Suplementação pré-concepcional — semente com broto em line art dourada sobre fundo escuro, capa editorial

Para quem planeja engravidar, a preparação começa antes do teste positivo. A suplementação pré-concepcional é uma das etapas mais importantes desse processo, e o ácido fólico é o nutriente que lidera essa lista. Mas ele não age sozinho.

O cuidado antes da concepção é um dos pilares da fertilidade. Quando o organismo da mulher chega à gestação com os nutrientes adequados, as condições para um desenvolvimento saudável melhoram. Por isso, entender o que tomar, quando começar e por que isso importa faz toda a diferença.

Neste artigo, você vai conhecer o papel do ácido fólico, do ferro, do iodo e de outros nutrientes na fase pré-concepcional, sempre com base em recomendações da Organização Mundial da Saúde (OMS), do Ministério da Saúde, do CDC e da FEBRASGO.

O que é a suplementação pré-concepcional?

A suplementação pré-concepcional é o uso planejado de vitaminas e minerais antes da gestação, com o objetivo de preparar o corpo da mulher para a gravidez. A ideia é corrigir carências nutricionais que, se não tratadas, podem aumentar riscos para a mãe e para o bebê.

O estado nutricional da mulher antes de conceber e no início da gestação influencia diretamente o desenvolvimento fetal. Por isso, o período periconcepcional — antes da concepção e nas primeiras semanas de gravidez — é considerado um momento estratégico para intervenções que protejam a gestação (OMS, [s. d.]).

A prevenção é o princípio central: muitas carências nutricionais não produzem sintomas, mas já influenciam o ambiente em que o bebê vai se desenvolver. Corrigi-las antes da gestação é mais eficaz — e mais simples — do que tentar compensá-las durante o pré-natal.

Por que começar a suplementação antes de engravidar?

O motivo principal está no tempo. O tubo neural — a estrutura que dará origem ao cérebro e à medula espinhal do bebê — se forma e se fecha muito cedo, ainda nas primeiras semanas de gestação. Em muitos casos, isso acontece antes de a mulher saber que está grávida.

De acordo com o CDC, os defeitos do tubo neural ocorrem nas primeiras semanas de gravidez, frequentemente antes de a mulher perceber a gestação (CDC, [s. d.]). Quando o teste dá positivo, pode ser tarde demais para prevenir esse tipo de malformação.

Essa lógica vale também para outros nutrientes: quanto antes o organismo estiver ajustado, menor a probabilidade de a deficiência atravessar o início da gestação, período mais sensível do desenvolvimento.

Por isso, a recomendação é clara: a suplementação deve começar antes. O CDC orienta que toda mulher capaz de engravidar tome 400 microgramas (mcg) de ácido fólico por dia (CDC, 2026). O Ministério da Saúde recomenda o uso desde o período pré-gestacional até o final da gravidez (Ministério da Saúde, 2021).

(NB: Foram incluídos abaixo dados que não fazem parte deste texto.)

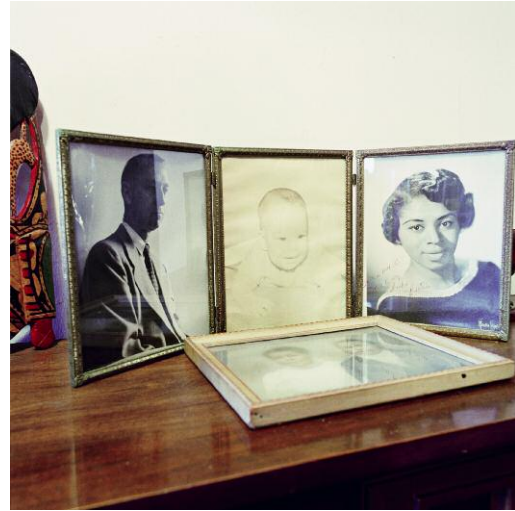
Frames © YAEL BEN-ZION

Ácido fólico: por que ele é o mais importante?

O ácido fólico, também chamado de vitamina B9, é essencial para a formação do tubo neural. A suplementação periconcepcional — antes e no início da gestação — é uma das medidas mais eficazes para prevenir defeitos do tubo neural, como a anencefalia e a espinha bífida.

O impacto é expressivo. Segundo a revisão da OMS, a suplementação com ácido fólico reduziu em mais de dois terços o risco de uma gestação afetada por defeito do tubo neural (RR 0,31; IC 95% 0,17–0,58), a partir de cinco ensaios que envolveram 6.708 nascimentos (OMS, [s. d.]). É um dos dados mais fortes da prevenção em saúde materna.

Vale uma ressalva de precisão: o mesmo material indica que o efeito não foi estatisticamente significativo para defeitos do tubo neural de primeira ocorrência — justamente porque não houve eventos no grupo que recebeu ácido fólico — e que não foi encontrado efeito sobre outras anomalias congênitas (OMS, [s. d.]).

A dose padrão é de 400 mcg por dia. Essa é a recomendação do CDC (CDC, 2026) e do Ministério da Saúde, que orienta o uso desde o período pré-gestacional até o final da gravidez (Ministério da Saúde, 2021).

Para mulheres com risco aumentado, a dose é maior. Segundo o CDC, quem já teve uma gestação afetada por defeito do tubo neural deve receber suplementação em dose alta, de 4.000 mcg (4 mg) por dia, iniciada cerca de um mês antes da gestação e mantida no primeiro trimestre (CDC, 2026). No Brasil, o Ministério da Saúde prevê a dose de 5 mg ou solução oral de 0,2 mg/ml quando a apresentação indicada não está disponível (Ministério da Saúde, 2021). A decisão é sempre individualizada e feita pelo médico.

Ferro: por que importa antes e durante a gestação?

A anemia é um problema comum na gestação. A OMS estima que 41,8% das gestantes no mundo apresentam anemia, e pelo menos metade desses casos está relacionada à deficiência de ferro (OMS, 2012). No Brasil, um levantamento divulgado pela FEBRASGO aponta que a taxa de anemia entre gestantes chega a 23%, o que posiciona o país em um nível classificado pela OMS como problema moderado de saúde pública (FEBRASGO, 2023).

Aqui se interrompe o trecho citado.